Agree, a dedicated parser would be more useful. If we wanna do this, we'll have some thoughts on whether integrating a parser in LogQL or in Promtail, so it can be transformed into a different format.

stale[bot] commented 2 years ago

Hi! This issue has been automatically marked as stale because it has not had any activity in the past 30 days.

We use a stalebot among other tools to help manage the state of issues in this project. A stalebot can be very useful in closing issues in a number of cases; the most common is closing issues or PRs where the original reporter has not responded.

Stalebots are also emotionless and cruel and can close issues which are still very relevant.

If this issue is important to you, please add a comment to keep it open.
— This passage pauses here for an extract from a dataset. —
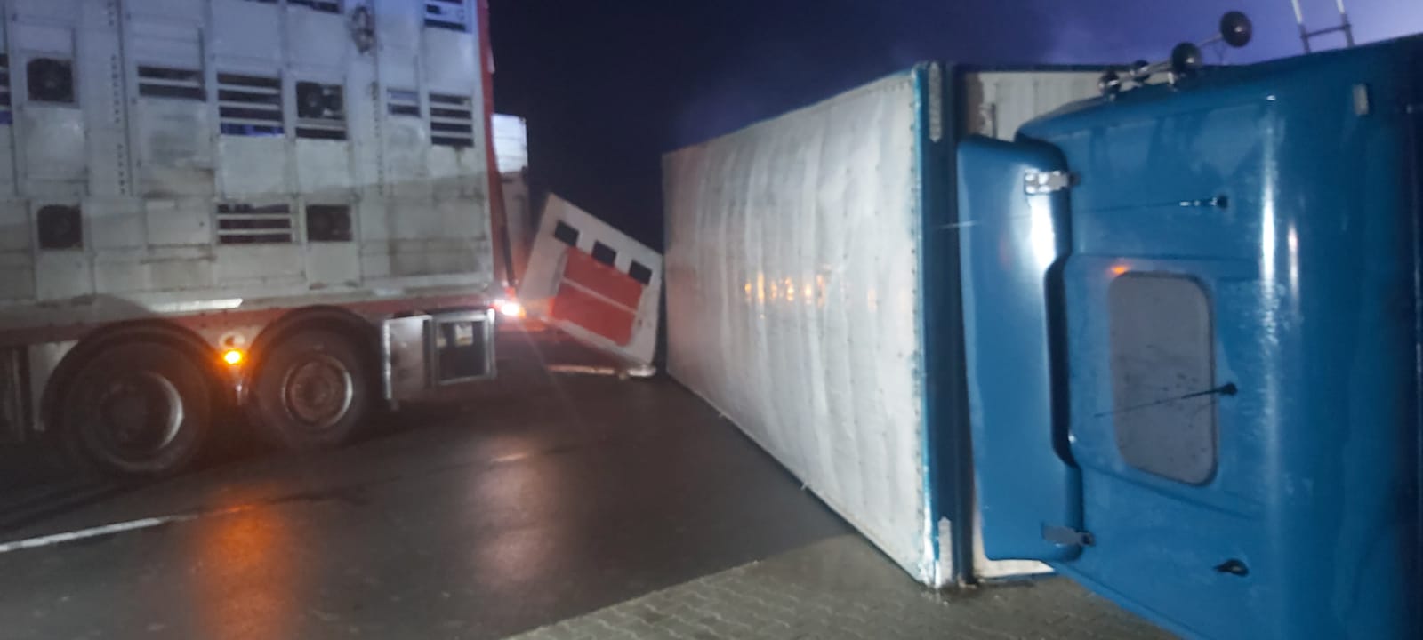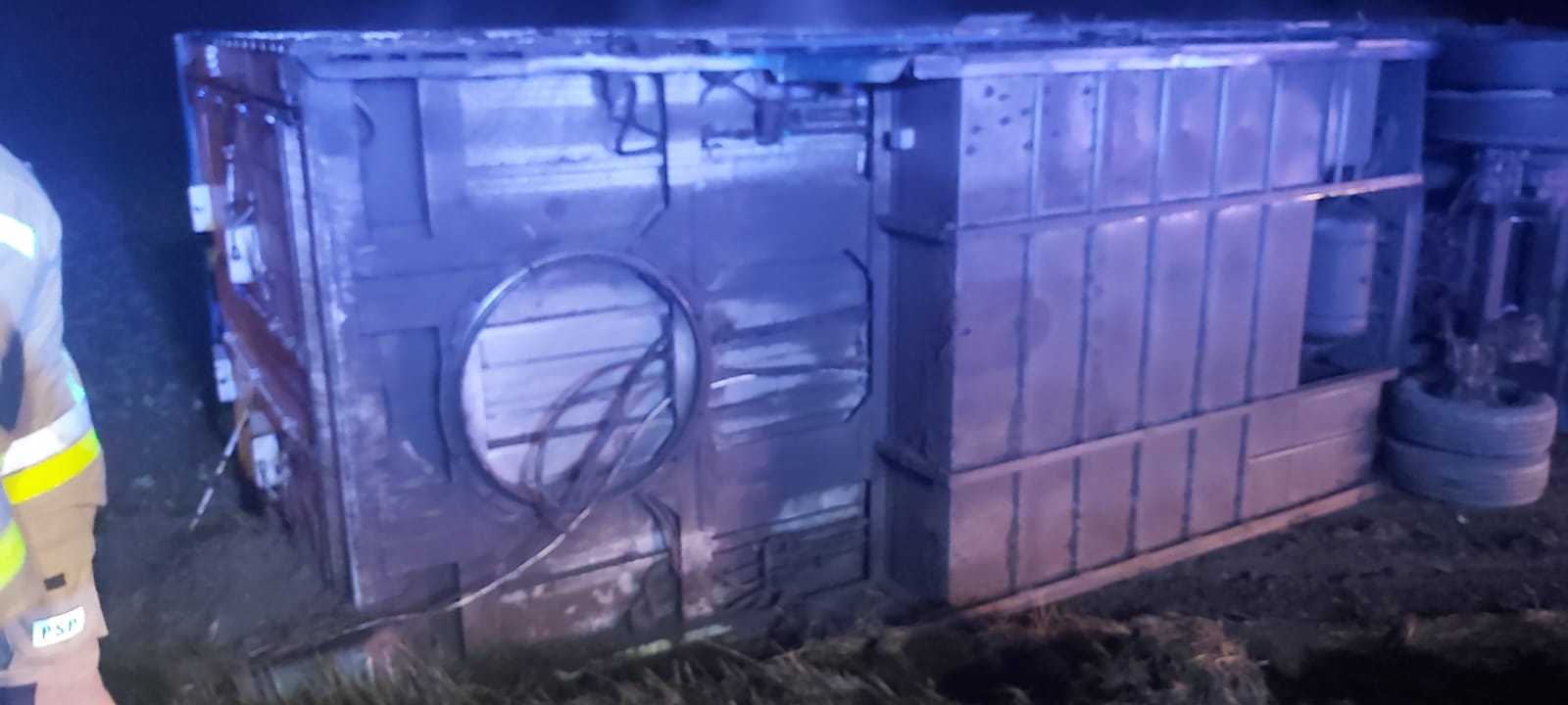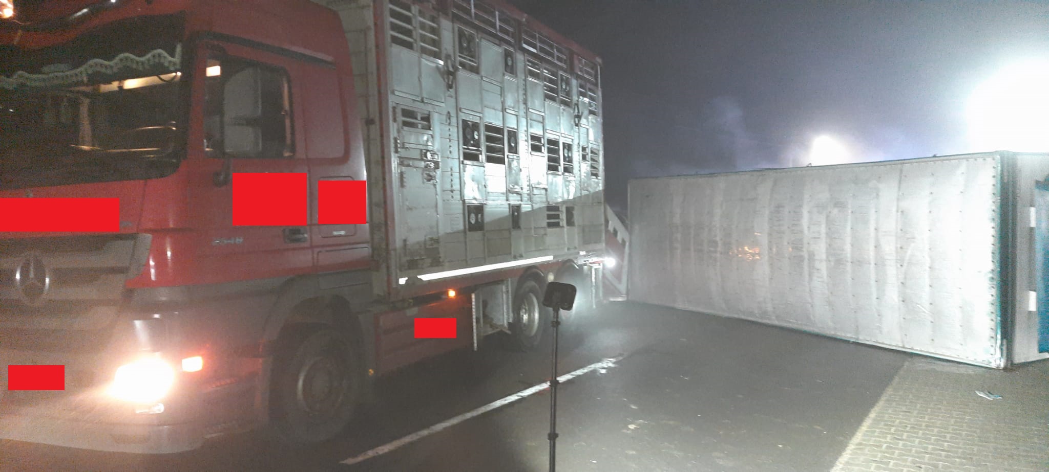 PRZEWRÓCONY SAMOCHÓD CIĘŻAROWY DO PRZEWOZU ZWIERZĄT
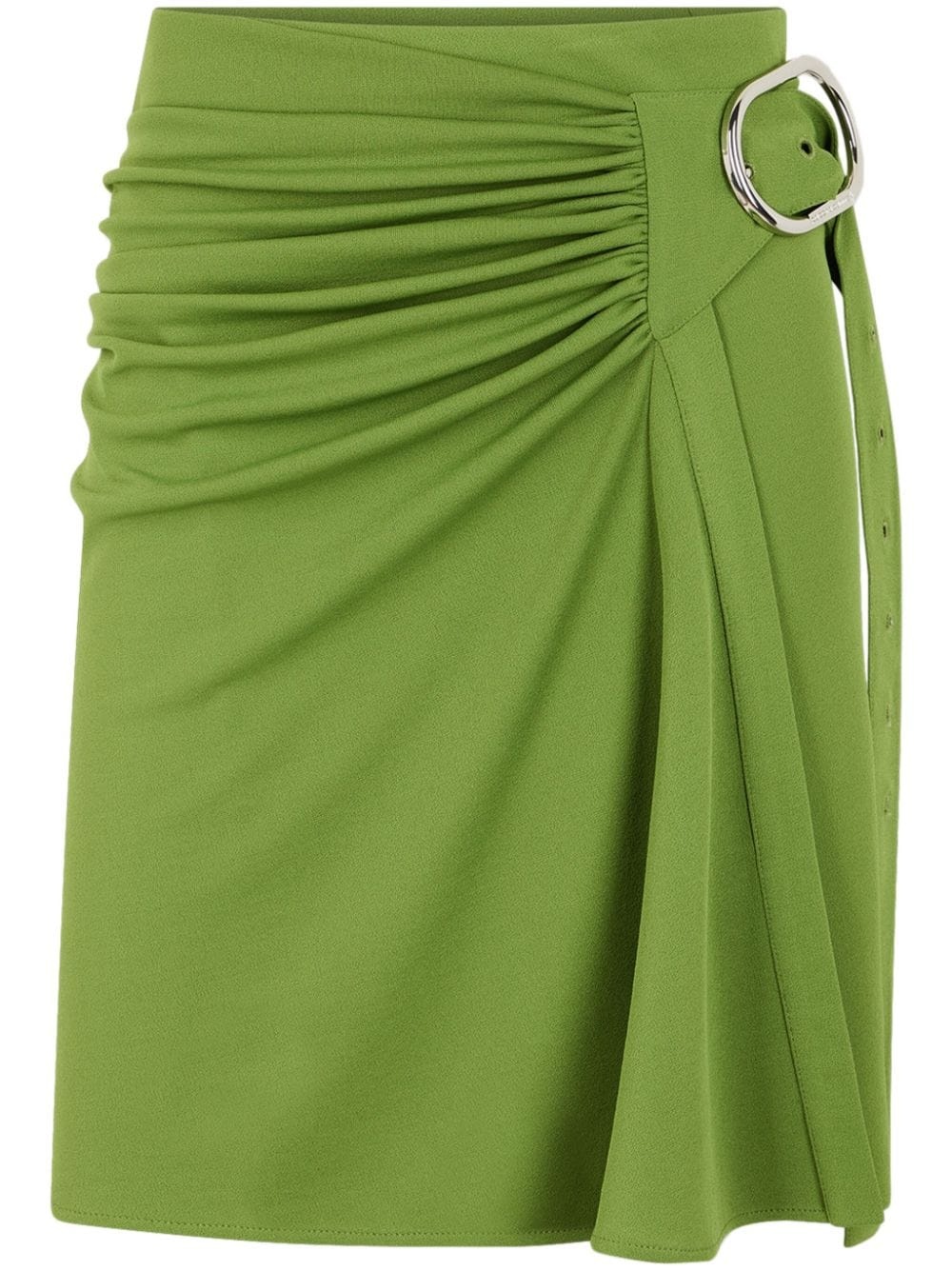 draped crepe wrap skirt Highlights - Apple green - Crepe texture - Draped detailing - Ruched detailing - Silver-tone hardware - Wrap design - High waist - Belted waist - Buckle fastening - Thigh-length - Asymmetric hem Imported Composition Viscose 62%, Polyamide 29%, Elastane 9% Washing instructions Read Manufacturer Guidelines

More importantly, please add a thumbs-up to the original issue entry.

We regularly sort for closed issues which have a stale label sorted by thumbs up.

We may also:

We are doing our best to respond, organize, and prioritize all issues but it can be a challenging task, our sincere apologies if you find yourself at the mercy of the stalebot.

james-callahan commented 2 years ago

we'll have some thoughts on whether integrating a parser in LogQL or in Promtail, so it can be transformed into a different format.

@chaudum any further thoughts on this?

lg-d commented 1 year ago

Is there any progress in making a CEF parser?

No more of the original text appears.